Sein Name ist Conan Osíris und auch sonst ist er alles andere als konventionell. Der 30-jährige Musiker, der im bürgerlichen Leben Tiago Miranda heißt, hat mit den Stimmen von Regionaljurys und Zuschauern die portugiesische Vorentscheidung gewonnen und dürfte das ESC-Publikum gleichermaßen be- und entgeistern. Sein Lied "Telemóveis" (Handy) ist eine atemberaubende Fusion aus Fado, Techno und arabischen Einflüssen die er mit Modern-Dance-Elementen und einer archaisch anmutenden Maske eindrucksvoll unterstreicht.
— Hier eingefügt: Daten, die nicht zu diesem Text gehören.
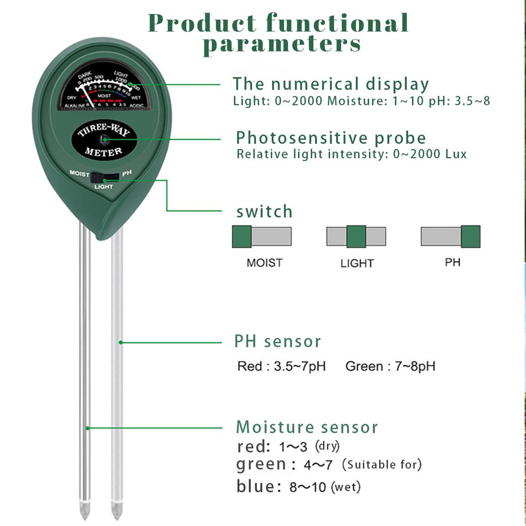 - INDOOR & OUTDOOR USE: Garden soil ph meter 3-in-1 soil tester is a super helpful tool for your gardening,it is extremely important for some delicate plants which are very sensitive to water,lights or PH.It's definitely a good tool soil moisture meter for your gardening
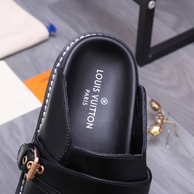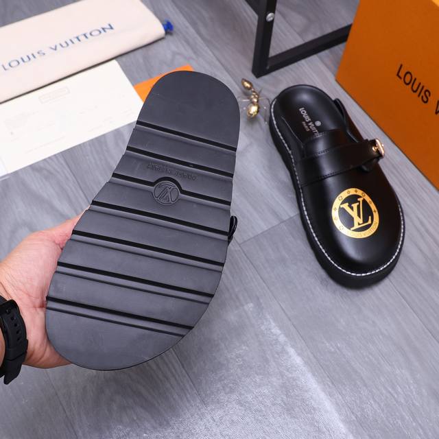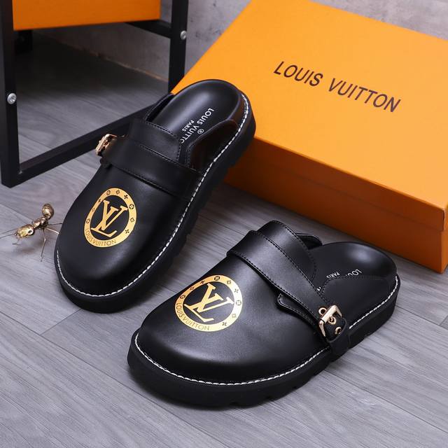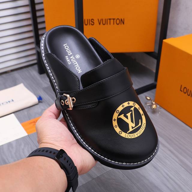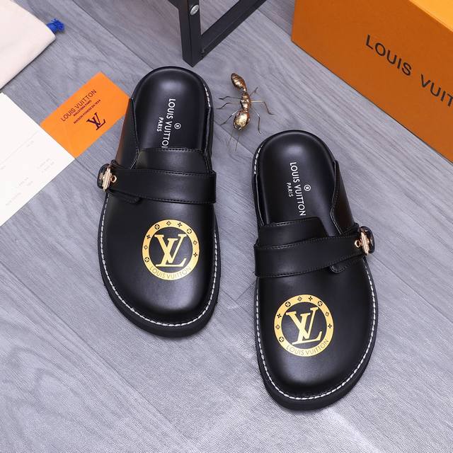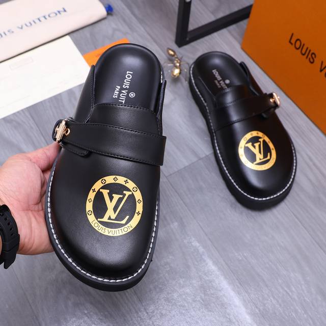 商品商标:Louis Vuitton 路易威登 ] 半拖 拖鞋 正码码数: 38-44 45.46 订做不退换 商品材料:精选牛皮印花鞋面 羊皮内里 橡胶大底

Er besingt darin den Verlust zwischenmenschlicher Kommunikation, lässt aber viel Spielraum für andere Interpretationen.


16. Griechenland

Katerine Duska tritt für Griechenland an

Immer wieder tauchte in den vergangenen Wochen Katerine Duskas Name als mögliche griechische Teilnehmerin in den diversen ESC-Foren auf. Jetzt bestätigte der Fernsehsender ERT ihre Nominierung für den Eurovision Song Contest in Israel. In einem internen Auswahl-Verfahren soll sich die Jury einstimmig für die Künstlerin entschieden haben. Vor allem ihre einzigartige Stimme - die an Amy Winehouse erinnert - soll ausschlaggebend für die Wahl der griechisch-kanadischen Sängerin gewesen sein.


17. San Marino

Mit seinen 54 Jahren kann man den Künstler Serhat getrost als einen der älteren Kandidaten beim Eurovision Song Contest bezeichnen. Bereits zum zweiten Mal vertritt der türkische Sänger San Marino auf der ESC-Bühne. Nach dem Halbfinal-Aus in Stockholm 2016 möchte er diesmal in Tel Aviv mit "Say Na Na Na" den Sprung ins Finale schaffen.